Modern hayat anneleri dinlendirmiyor, sadece daha sessiz yoruyor. Yorgun bir anne, farkında olmadan duygusunu çocuğuna aktarıyor. Araştırmalar, annenin gerginliğinin nöronlar aracılığıyla çocuğun davranışlarına yansıdığını gösteriyor
Modern hayat kadınlara eskiden olduğundan daha fazla sorumluluk yüklüyor. Her ne kadar teknoloji gelişip üst model yardımcı eşyalar çıksa da, bunlar sanıldığı gibi kadınların hayatını kolaylaştırmıyor. Bu hızlı hayat ve fazla sorumluluk özellikle annelerin kendini sürekli yorgun hissetmesine neden oluyor. Bu yorgunluk bir tek anne de kalmıyor.

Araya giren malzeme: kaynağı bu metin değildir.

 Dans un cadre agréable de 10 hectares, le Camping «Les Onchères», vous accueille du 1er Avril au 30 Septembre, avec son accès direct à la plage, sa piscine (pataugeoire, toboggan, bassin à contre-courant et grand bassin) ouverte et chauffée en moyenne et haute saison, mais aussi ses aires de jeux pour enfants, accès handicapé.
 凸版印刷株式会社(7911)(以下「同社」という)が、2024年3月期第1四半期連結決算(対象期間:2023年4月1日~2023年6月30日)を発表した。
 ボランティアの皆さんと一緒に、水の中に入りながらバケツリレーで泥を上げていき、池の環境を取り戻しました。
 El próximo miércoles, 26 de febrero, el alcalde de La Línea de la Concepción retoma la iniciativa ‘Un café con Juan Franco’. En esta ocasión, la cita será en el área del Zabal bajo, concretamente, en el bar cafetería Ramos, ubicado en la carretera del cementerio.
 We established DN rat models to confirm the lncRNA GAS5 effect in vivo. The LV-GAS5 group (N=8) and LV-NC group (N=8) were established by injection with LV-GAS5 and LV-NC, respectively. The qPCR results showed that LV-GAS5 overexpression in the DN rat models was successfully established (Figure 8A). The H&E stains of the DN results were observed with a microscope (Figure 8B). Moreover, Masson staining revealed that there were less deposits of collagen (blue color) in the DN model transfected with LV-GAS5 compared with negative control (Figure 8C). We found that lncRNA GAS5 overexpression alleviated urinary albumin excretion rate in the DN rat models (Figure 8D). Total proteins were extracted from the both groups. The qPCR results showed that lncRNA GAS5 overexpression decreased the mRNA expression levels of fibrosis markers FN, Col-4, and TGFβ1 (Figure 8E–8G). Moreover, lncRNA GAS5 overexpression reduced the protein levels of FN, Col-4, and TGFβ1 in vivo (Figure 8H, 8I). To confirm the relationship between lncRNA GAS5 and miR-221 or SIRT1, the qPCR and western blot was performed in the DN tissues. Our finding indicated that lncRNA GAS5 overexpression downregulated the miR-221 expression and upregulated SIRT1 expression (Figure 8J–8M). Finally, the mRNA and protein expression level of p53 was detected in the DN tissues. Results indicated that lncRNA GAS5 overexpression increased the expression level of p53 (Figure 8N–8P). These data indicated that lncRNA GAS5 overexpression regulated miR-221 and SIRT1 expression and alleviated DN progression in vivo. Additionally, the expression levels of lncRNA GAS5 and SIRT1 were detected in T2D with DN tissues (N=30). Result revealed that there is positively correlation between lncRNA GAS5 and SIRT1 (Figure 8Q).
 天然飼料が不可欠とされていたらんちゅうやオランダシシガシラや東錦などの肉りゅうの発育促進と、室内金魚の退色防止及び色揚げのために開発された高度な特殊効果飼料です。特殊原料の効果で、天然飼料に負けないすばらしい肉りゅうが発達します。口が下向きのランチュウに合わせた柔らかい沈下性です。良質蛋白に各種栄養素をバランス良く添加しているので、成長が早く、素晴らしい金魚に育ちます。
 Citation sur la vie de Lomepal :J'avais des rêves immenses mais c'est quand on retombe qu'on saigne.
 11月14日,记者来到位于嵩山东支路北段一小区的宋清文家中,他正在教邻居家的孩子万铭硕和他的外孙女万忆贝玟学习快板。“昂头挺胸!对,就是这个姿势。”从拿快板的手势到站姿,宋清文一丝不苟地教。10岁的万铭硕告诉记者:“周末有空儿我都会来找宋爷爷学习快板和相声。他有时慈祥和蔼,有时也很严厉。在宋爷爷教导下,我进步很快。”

Araştırmalar da yorgunluğun anneden çocuğa geçtiğini gösteriyor. Anneler ne kadar yorgun olursa, çocuklar bunu hissediyor. Bazen sessizlik, öfke patlamaları ve sabah uyanma zorluklarıyla kendini gösteriyor. Yorgunluğu gizlemek yerine konuşmak, çocuk için güvenli bir örnek oluyor. Gerçek hediye, mutlu değil, dengede olan bir anne olabilmek.

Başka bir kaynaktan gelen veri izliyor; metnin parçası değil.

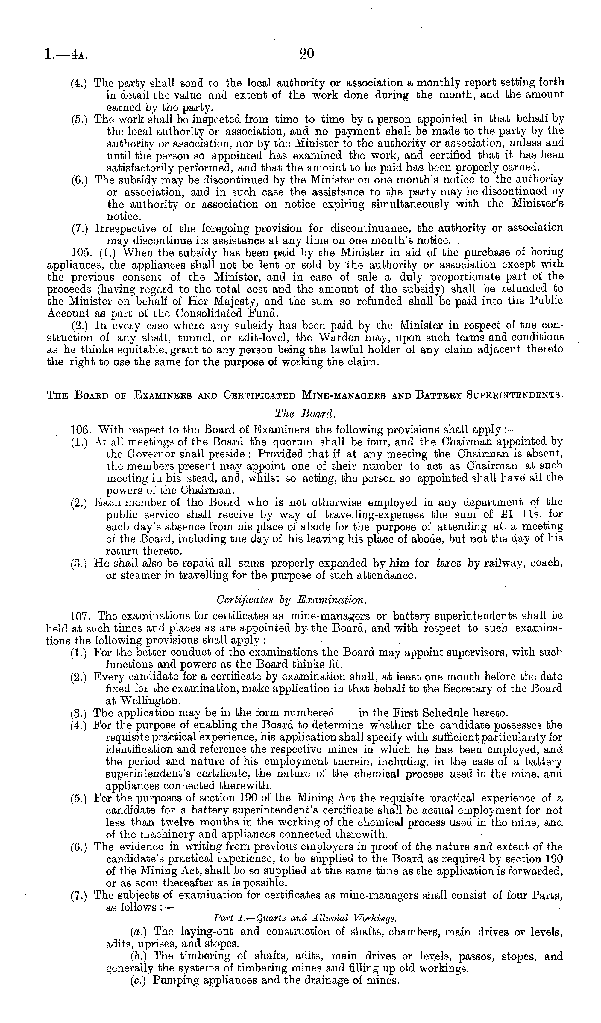 (4.) The party shall send to the local authority or association a monthly report setting forth in detail the value and extent of the work done during the month, and the amount earned by the party. (5.) The work shall be inspected from time to time by a person appointed in that behalf by the local authority or association, and no payment shall be made to the party by the authority or association, nor by the Minister to the authority or association, unless and until the person so appointed has examined the work, and certified that it has been satisfactorily performed, and that the amount to be paid has been properly earned. (6.) The subsidy may be discontinued by the Minister on one month's notice to the authority or association, and in such case the assistance to the party may be discontinued by the authority or association on notice expiring simultaneously with the Minister's notice. (7.) Irrespective of the foregoing provision for discontinuance, the authority or association may discontinue its assistance at any time on one month's notice. 105. (1.) When the subsidy has been paid by the Minister in aid of the purchase of boring appliances, the appliances shall not be lent or sold by the authority or association except with the previous consent of the Minister, and in case of sale a duly proportionate part of the proceeds (having regard to the total cost and the amount of the subsidy) shall be refunded to the Minister on behalf of Her Majesty, and the sum so refunded shall be paid into the Public Account as part of the Consolidated Fund. (2.) In every case where any subsidy has been paid by the Minister in respect of the construction of any shaft, tunnel, or adit-level, the Warden may, upon such terms and conditions as he thinks equitable, grant to any person being the lawful holder of any claim adjacent thereto the right to use the same for the purpose of working the claim. The Board of Examiners and Certificated Mine-managers and Battery Superintendents. The Board. 106. With respect to the Board of Examiners the following provisions shall apply : — (1.) At all meetings of the Board the quorum shall be four, and the Chairman appointed by the Governor shall preside : Provided that if at any meeting the Chairman is absent, the members present may appoint one of their number to act as Chairman at such meeting in his stead, and, whilst so acting, the person so appointed shall have all the powers of the Chairman. (2.) Each member of the Board who is not otherwise employed in any department of the public service shall receive by way of travelling-expenses the sum of £1 lis. for each day's absence from his place of abode for the purpose of attending at a meeting of the Board, including the day of his leaving his place of abode, but not the day of his return thereto. (3.) He shall also be repaid all sums properly expended by him for fares by railway, coach, or steamer in travelling for the purpose of such attendance. Certificates by Examination. 107. The examinations for certificates as mine-managers or battery superintendents shall be held at such times and places as are appointed by the Board, and with respect to such examinations the following provisions shall apply : — (1.) For the better conduct of the examinations the Board may appoint supervisors, with such functions and powers as the Board thinks fit. (2.) Every candidate for a certificate by examination shall, at least one month before the date fixed for the examination, make application in that behalf to the Secretary of the Board at Wellington. (3.) The application may be in the form numbered in the First Schedule hereto. (4.) For the purpose of enabling the Board to determine whether the candidate possesses the requisite practical experience, his application shall specify with sufficient particularity for identification and reference the respective mines in which he has been employed, and the period and nature of his employment therein, including, in the case of a battery superintendent's certificate, the nature of the chemical process used in the mine, and appliances connected therewith. (5.) For the purposes of section 190 of the Mining Act the requisite practical experience of a candidate for a battery superintendent's certificate shall be actual employment for not less than twelve months in the working of the chemical process used in the mine, and of the machinery and appliances connected therewith. (6.) The evidence in writing from previous employers in proof of the nature and extent of the candidate's practical experience, to be supplied to the Board as required by section 190 of the Mining Act, shall be so supplied at the same time as the application is forwarded, or as soon thereafter as is possible. (7.) The subjects of examination for certificates as mine-managers shall consist of four Parts, as follows :— Part 1. — Quartz and Alluvial Workings. (a.) The laying-out and construction of shafts, chambers, main drives or levels, adits, uprises, and stopes. (b.) The timbering of shafts, adits, main drives or levels, passes, stopes, and generally the systems of timbering mines and filling up old workings. (c.) Pumping appliances and the drainage of mines.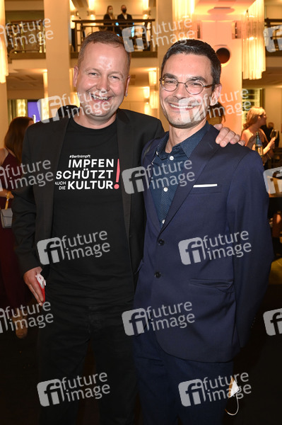 Klaus Lederer mit Ehemann Oskar Krüger bei der Weltpremiere der ARISE Grand Show 2021 im Friedrichstadt-Palast. Berlin, 22.09.2021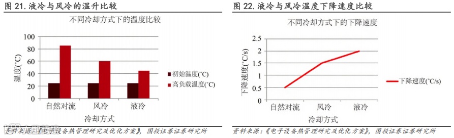 在冷却方面,随着设备性能的提升,尤其在高集成度、高功率密度场景下,风冷的散热效率已无法解决散热问题。而液冷技术利用液体的高热容和高热导率,相较于风冷方案大大提高了散热效率,如单相流体散热能力大约能到10-1000W/cm2量级。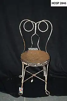 - A chair of the kind that patrons might occupy at a soda fountain counter, typically having a round seat and a decorative back made from narrow strips of metal.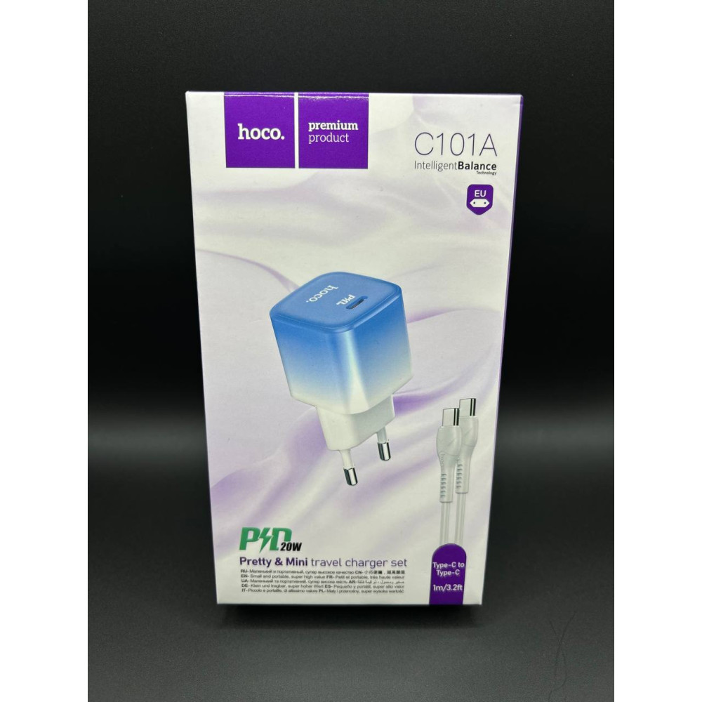 Мережевий ЗП Hoco C101A Type-C to Type-C PD20W (Блакитний)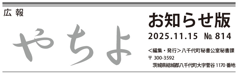 その他のお知らせ(広報やちよ お知らせ版 11月15日号(令和7年度)) ■広報やちよ お知らせ版 2025.11.15 No.814 編集・発行:八千代町秘書公室秘書課 〒300-3592 茨城県結城郡八千代町大字菅谷1170番地 問合せ:八千代町役場 【電話】0296-48-1111(代表) 役場へのお電話は、代表番号におかけのうえ、電話交換担当に内線番号をお申し付けください。 【HP】https://www.town.ibaraki-yachiyo.lg.jp 【...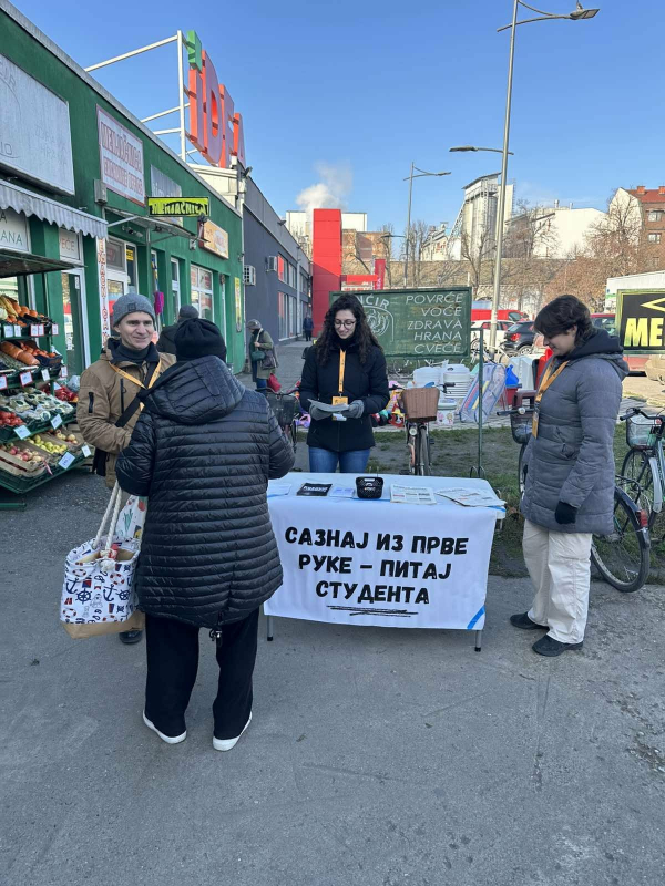 -Чињеница је да живимо у “медијском мраку” већ дужи низ година и да смо дехуманизовани и називани погрдним именима, као будући академски грађани, што је недопустиво. Зато смо се и одлучили да се приближимо грађанима и на овај начин, да разговарамо са свима, без обзира на њихове ставове, поручили су студенти у објави на друштвеним мрежама кад су започели ову акцију.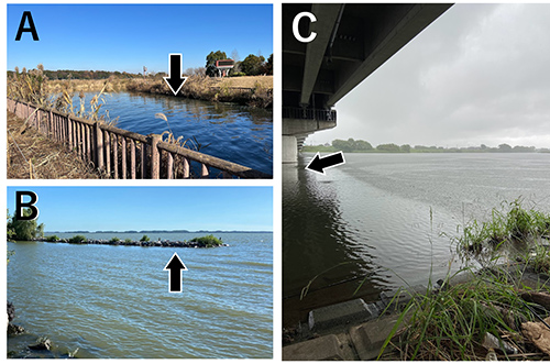 図2.チャネルキャットフィッシュのいそうな”におい”のする場所(実際に釣れたかどうかは別)。A:草が茂って水面の影になっているところ(矢印)。B:堤防や石積みの周辺(矢印)。C:橋の真下の影になっているところや、橋脚の根元(矢印)。

BEYİNDEKİ NÖRONLAR AKTARIYOR
Hayatın temposu içinde annelik çoğu zaman sessiz bir yarışa dönüşüyor. Psikolojide "duygusal bulaşma" denilen bir kavram var; özellikle 0–10 yaş arasındaki çocuklar, annelerinin ruh halini ayna nöronları aracılığıyla hissediyor. Anne gerginse çocuk huzursuz, anne sessizleşmişse çocuk içine kapanıyor. Çocuk, annenin beden dilini, ses tonunu ve hareket temposunu adeta bir pusula gibi kullanıyor. Yani anne ne hissediyorsa, çocuk da aynı enerjiyi alıyor; farkında olmadan anneye ayak uyduruyor. Modern anneler, iş, okul, ev ve sosyal ilişkiler arasında kendilerini sürekli bir tempoya hapsediyor. Her şeyi yetiştirme çabası, anneliği adeta bir performans alanına dönüştürüyor. Dinlenemeyen kadınlarda suçluluk duygusu beliriyor; "Çocuğuma vakit ayıramadım" düşüncesiyle kendi enerjilerini tüketiyorlar. Oysa kendine zaman ayıran, sakin ve dengeli bir anne, çocuğuna huzur ve güven sunuyor. Tükenen bir anne ise bu enerjiyi çocuğa istemeden yansıtıyor; küçük bedeni ve ruhu bu gerginliği algılıyor.